#### [ACTIVITY]
Return the listing below exactly as it stands. Pictures stay out.

#### [SOURCE MATERIAL]
== Segment start ==

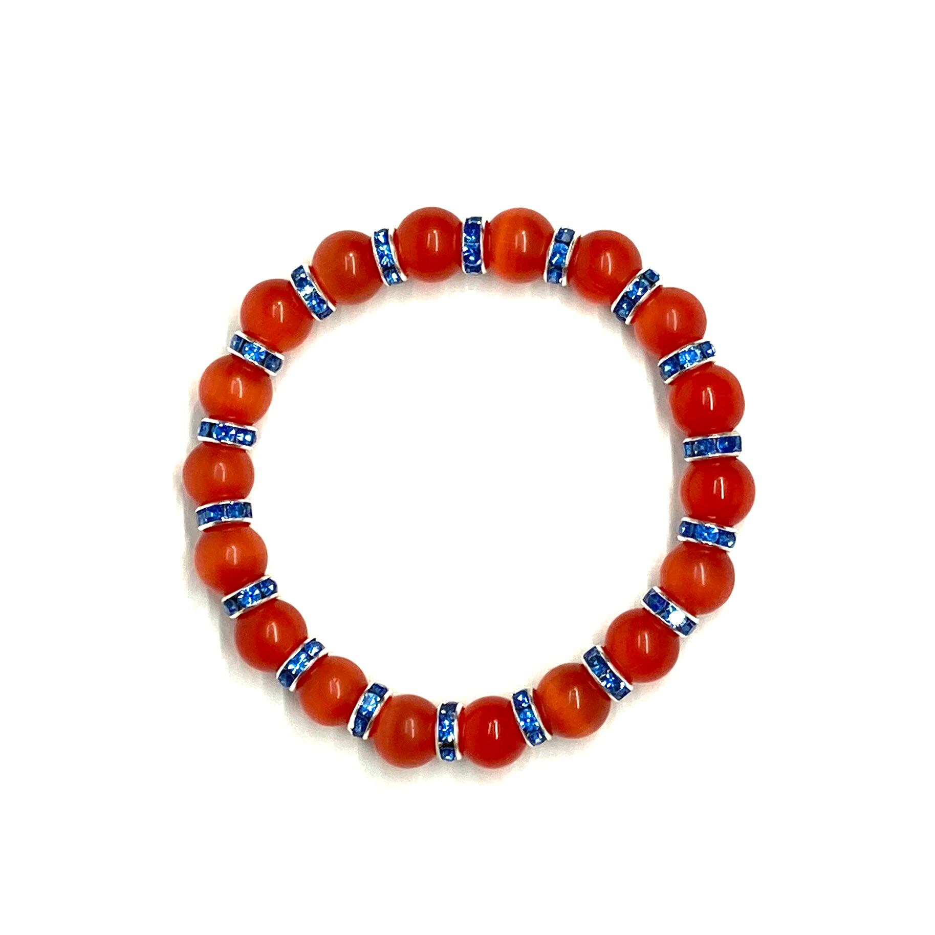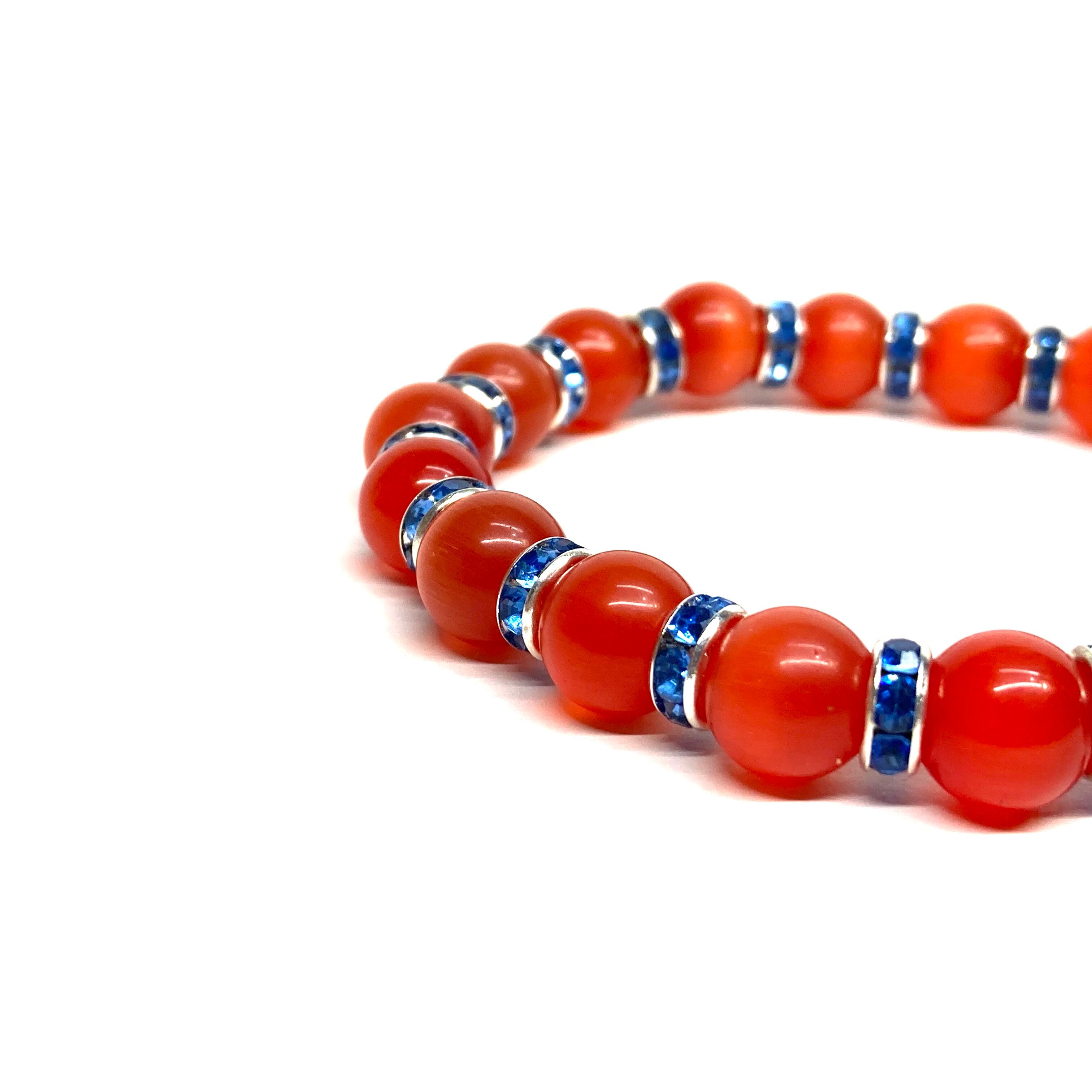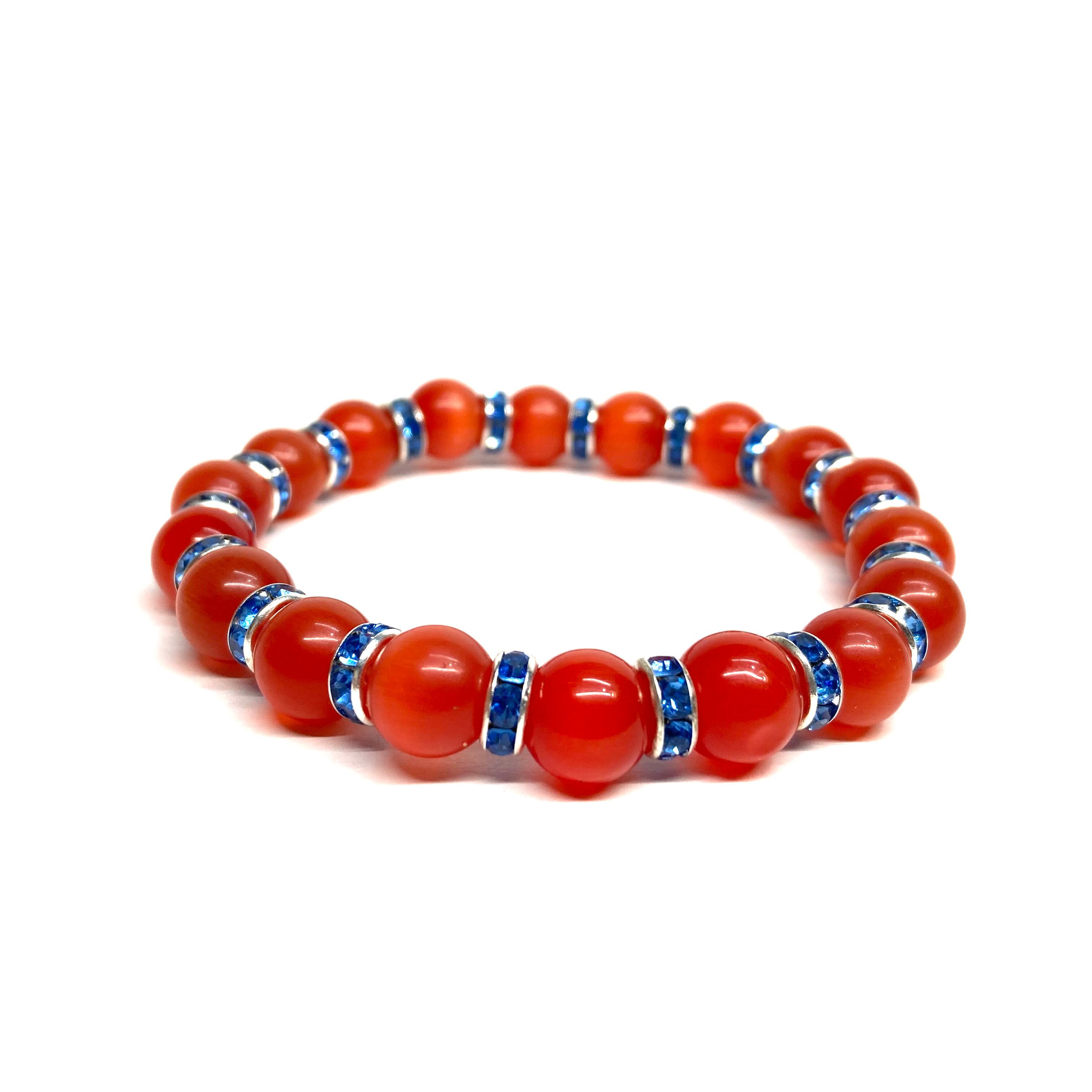 キャッツアイ(レッド) パワーストーン ブレスレット (ブルー) メンズ・レディース 男性・女性 数珠ブレス 開運
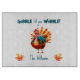 Fyll i Thanksgivingens kök med den här snygga skärbrädan av glas med en charmig kalkondesign och den lekande frasen: "Gobble til you Wobble!" Med den här anpassadet kan du lägga till din familj namn, skapar den till ett unikt tillägg till ditt helgdag eller en tankfull gåva till vänner och familj. Den pulserande kalkondesignen ger en snygg pekskärm, perfekt för Thanksgiving- och bakningsverksamhet eller som matlagningsdeka för köket.
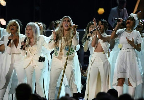 لە کۆتایی مەڕاسیمەکەشدا خانمە گۆرانیبێژ Kesha لەگەڵ گرووپێک لە گۆرانیبێژان و میوزیکژەنان بە جلی سپی وەکو پاڵپشتییەک بۆ ئافرەتان گۆرانییەکیان بەناوی "Praying" پێشكەشکرد، کە بووە جێگای خۆشحاڵی هەموو ئامادەبووان.

== Segment end ==

#### [YOUR RESPONSE]
 キャッツアイ(レッド) パワーストーン ブレスレット (ブルー) メンズ・レディース 男性・女性 数珠ブレス 開運
 Fyll i Thanksgivingens kök med den här snygga skärbrädan av glas med en charmig kalkondesign och den lekande frasen: "Gobble til you Wobble!" Med den här anpassadet kan du lägga till din familj namn, skapar den till ett unikt tillägg till ditt helgdag eller en tankfull gåva till vänner och familj. Den pulserande kalkondesignen ger en snygg pekskärm, perfekt för Thanksgiving- och bakningsverksamhet eller som matlagningsdeka för köket.
 لە کۆتایی مەڕاسیمەکەشدا خانمە گۆرانیبێژ Kesha لەگەڵ گرووپێک لە گۆرانیبێژان و میوزیکژەنان بە جلی سپی وەکو پاڵپشتییەک بۆ ئافرەتان گۆرانییەکیان بەناوی "Praying" پێشكەشکرد، کە بووە جێگای خۆشحاڵی هەموو ئامادەبووان.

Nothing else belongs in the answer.